When you are out of the USA do you reset your "home country" to wherever you are? that may be the reason.


----------



## blue13x (Aug 1, 2010)

From what I understand after calling Amazon: Webbrowsing is free, receiving of books and SINGLE-issue magazines are free.
But subscription to magazines or newspapers will cost $4.99 a week.

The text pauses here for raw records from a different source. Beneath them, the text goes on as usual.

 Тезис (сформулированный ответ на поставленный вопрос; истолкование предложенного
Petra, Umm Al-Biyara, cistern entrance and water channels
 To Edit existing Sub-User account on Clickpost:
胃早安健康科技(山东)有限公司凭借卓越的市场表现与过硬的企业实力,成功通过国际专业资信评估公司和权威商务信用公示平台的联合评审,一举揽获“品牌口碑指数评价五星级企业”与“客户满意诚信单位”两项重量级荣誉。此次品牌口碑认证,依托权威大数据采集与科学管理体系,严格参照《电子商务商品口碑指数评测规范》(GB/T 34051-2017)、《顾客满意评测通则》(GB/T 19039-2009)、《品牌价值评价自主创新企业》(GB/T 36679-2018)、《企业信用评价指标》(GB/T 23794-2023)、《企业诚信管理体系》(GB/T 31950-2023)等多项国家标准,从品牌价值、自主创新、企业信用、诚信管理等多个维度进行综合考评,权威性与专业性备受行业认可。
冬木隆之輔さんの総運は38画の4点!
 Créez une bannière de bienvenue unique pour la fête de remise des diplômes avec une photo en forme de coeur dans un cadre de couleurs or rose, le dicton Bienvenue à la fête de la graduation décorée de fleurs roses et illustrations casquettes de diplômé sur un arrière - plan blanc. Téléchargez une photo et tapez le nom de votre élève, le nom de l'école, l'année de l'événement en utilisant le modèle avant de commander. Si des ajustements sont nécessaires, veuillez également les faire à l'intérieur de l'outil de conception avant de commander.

Is there anyway around this?


----------



## Pushka (Oct 30, 2009)

I dont think there is.  If you change your country in your account while you are overseas, then you will either not be able to subscribe to that subscription due to copyright, or if you are able to, it will be more expensive anyway.  Amazon calls it free whispernet to Internationals, but it isnt, as the price of the books are always $2 more expensive than in the US.  Funny that.


----------



## Sandpiper (Oct 28, 2008)

Scroll about two-thirds down this Amazon help page for some explanation of Whispernet international delivery fees:

http://www.amazon.com/gp/help/customer/display.html?nodeId=200375910


----------



## BTackitt (Dec 15, 2008)

or since you live in the US also, just leave your home country set to USA.


----------



## blue13x (Aug 1, 2010)

Since I have a credit card/home in the other country, could I just change the Address to that country and not get that $4.99 fee?


----------



## Bigal-sa (Mar 27, 2010)

blue13x said:


> Am I missing something?


Yip. Us folks outside the US have to sponsor 3G usage for folks in the US.


----------



## Marisa14 (Jun 30, 2010)

Congrats on ur Kindle DXG


----------



## MamaProfCrash (Dec 16, 2008)

The delivery over the whispernet is free. The NY Times subscription is not. Magazines and Newspapers are sold in the same way they would be if you were buying the paper version. You would not get free copies of the NY Times delivered to your house, you are not going to get the Kindle version of the NYTimes for free. You can access the NY Times webpage using the browser for free. I have heard it is best to use mobile phone versions on the web browser.


----------



## Sandpiper (Oct 28, 2008)

ProfCrash said:


> The delivery over the whispernet is free. The NY Times subscription is not. Magazines and Newspapers are sold in the same way they would be if you were buying the paper version. You would not get free copies of the NY Times delivered to your house, you are not going to get the Kindle version of the NYTimes for free. You can access the NY Times webpage using the browser for free. I have heard it is best to use mobile phone versions on the web browser.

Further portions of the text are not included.